BEGIN Input data

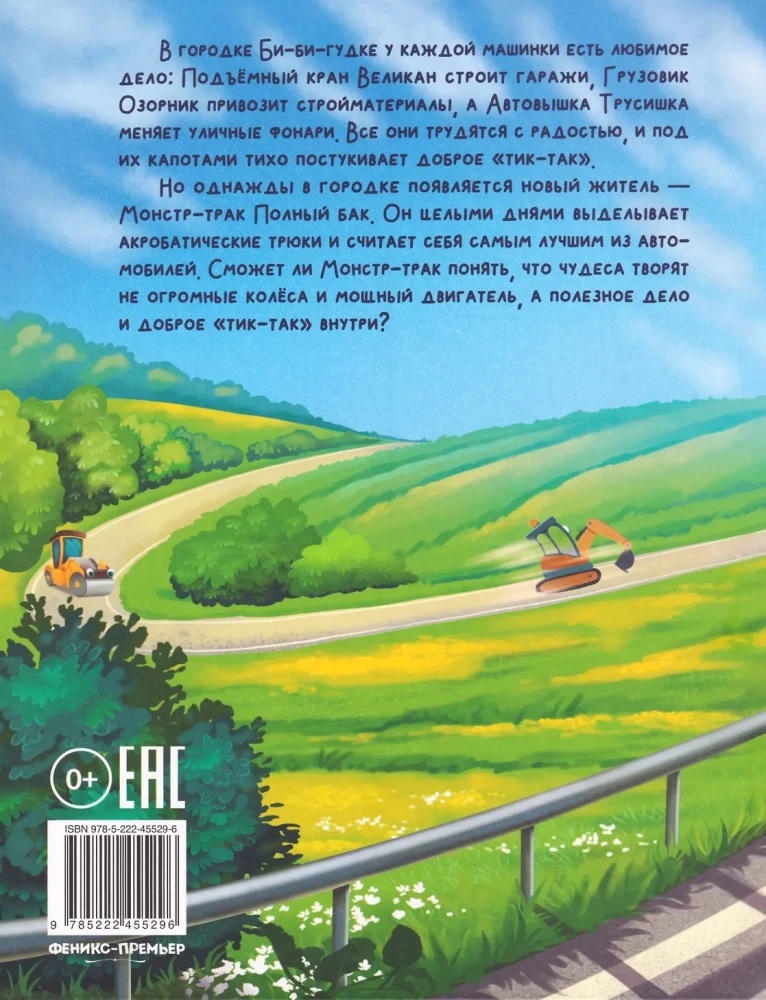 В городке Би-би-гудке у каждой машинки есть любимое дело: Подъёмный кран Великан строит гаражи, Грузовик Озорник привозит стройматериалы, а Автовышка Трусишка меняет уличные фонари. Все они трудятся с радостью, и под их капотами тихо постукивает доброе "тик-так”. Но однажды в городке появляется новый житель — Монстр-трак Полный бак. Он целыми днями выделывает акробатические трюки и считает себя самым лучшим из автомобилей. Сможет ли Монстр-трак понять, что чудеса творят не огромные колёса и мощный двигатель, а полезное дело и доброе "тик-так" внутри?
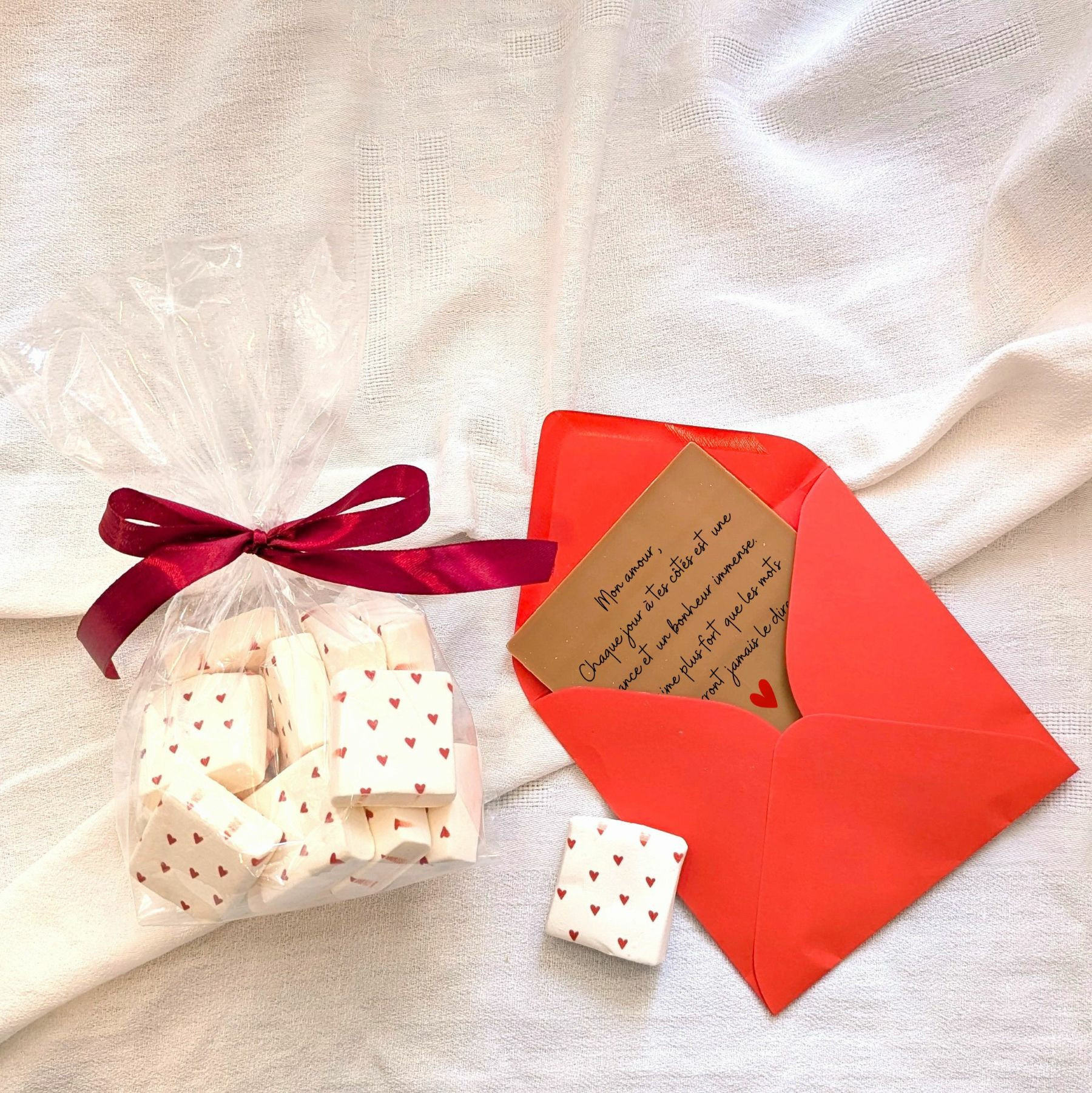 Ces guimauves complètent parfaitement la tablette de chocolat et apportent une note ludique et fondante à ce cadeau amoureux personnalisé.
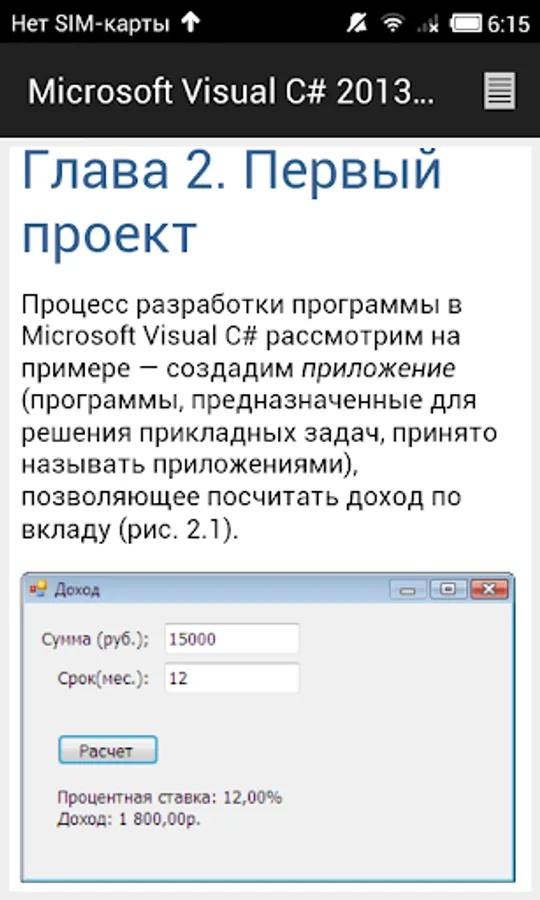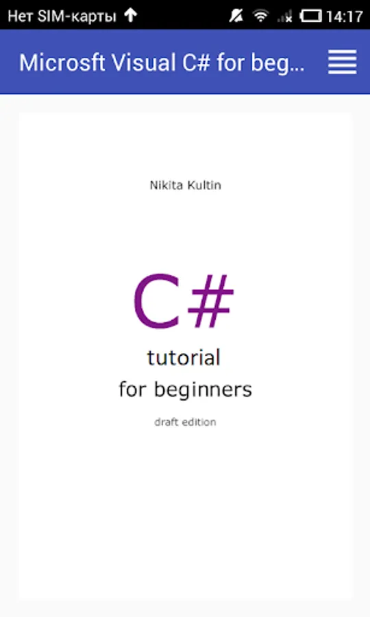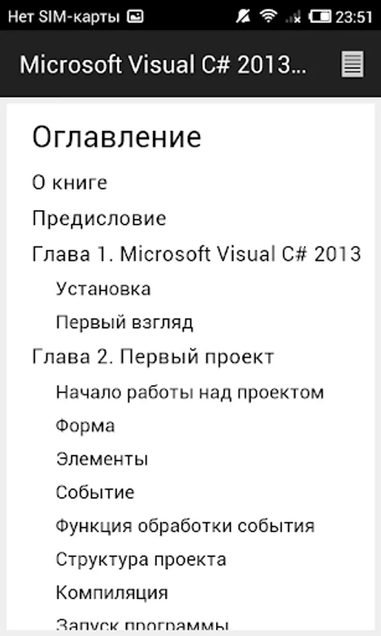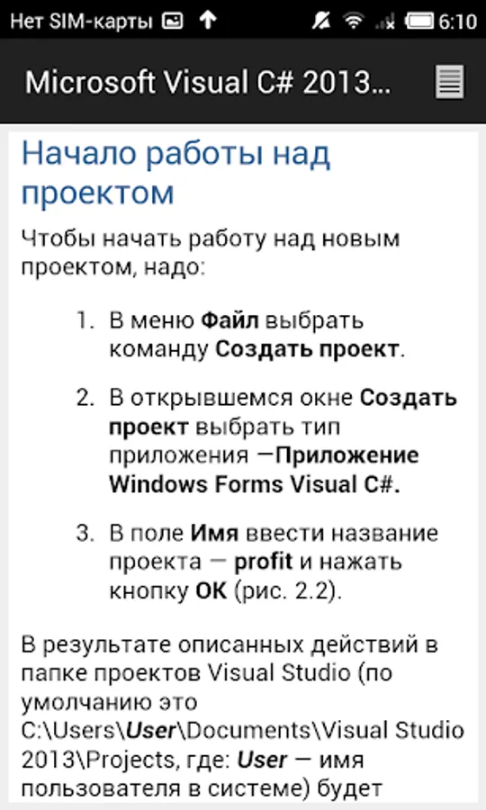 The book is devoted to the practice of programming in Microsoft Visual C # 2013 - the development of Windows Forms applications. In it, to the extent necessary for a novice programmer, a description of the development environment is given, a specific example shows the process of developing, debugging and deploying a program. The purpose of the book is to acquaint the reader with the Microsoft Visual C # 2013 development environment, using a simple example to show the process of creating a program.

END Input data

[Work item]: Please copy the data above exactly, omitting the pictures.

[Answer for the task]:
 В городке Би-би-гудке у каждой машинки есть любимое дело: Подъёмный кран Великан строит гаражи, Грузовик Озорник привозит стройматериалы, а Автовышка Трусишка меняет уличные фонари. Все они трудятся с радостью, и под их капотами тихо постукивает доброе "тик-так”. Но однажды в городке появляется новый житель — Монстр-трак Полный бак. Он целыми днями выделывает акробатические трюки и считает себя самым лучшим из автомобилей. Сможет ли Монстр-трак понять, что чудеса творят не огромные колёса и мощный двигатель, а полезное дело и доброе "тик-так" внутри?
 Ces guimauves complètent parfaitement la tablette de chocolat et apportent une note ludique et fondante à ce cadeau amoureux personnalisé.
 The book is devoted to the practice of programming in Microsoft Visual C # 2013 - the development of Windows Forms applications. In it, to the extent necessary for a novice programmer, a description of the development environment is given, a specific example shows the process of developing, debugging and deploying a program. The purpose of the book is to acquaint the reader with the Microsoft Visual C # 2013 development environment, using a simple example to show the process of creating a program.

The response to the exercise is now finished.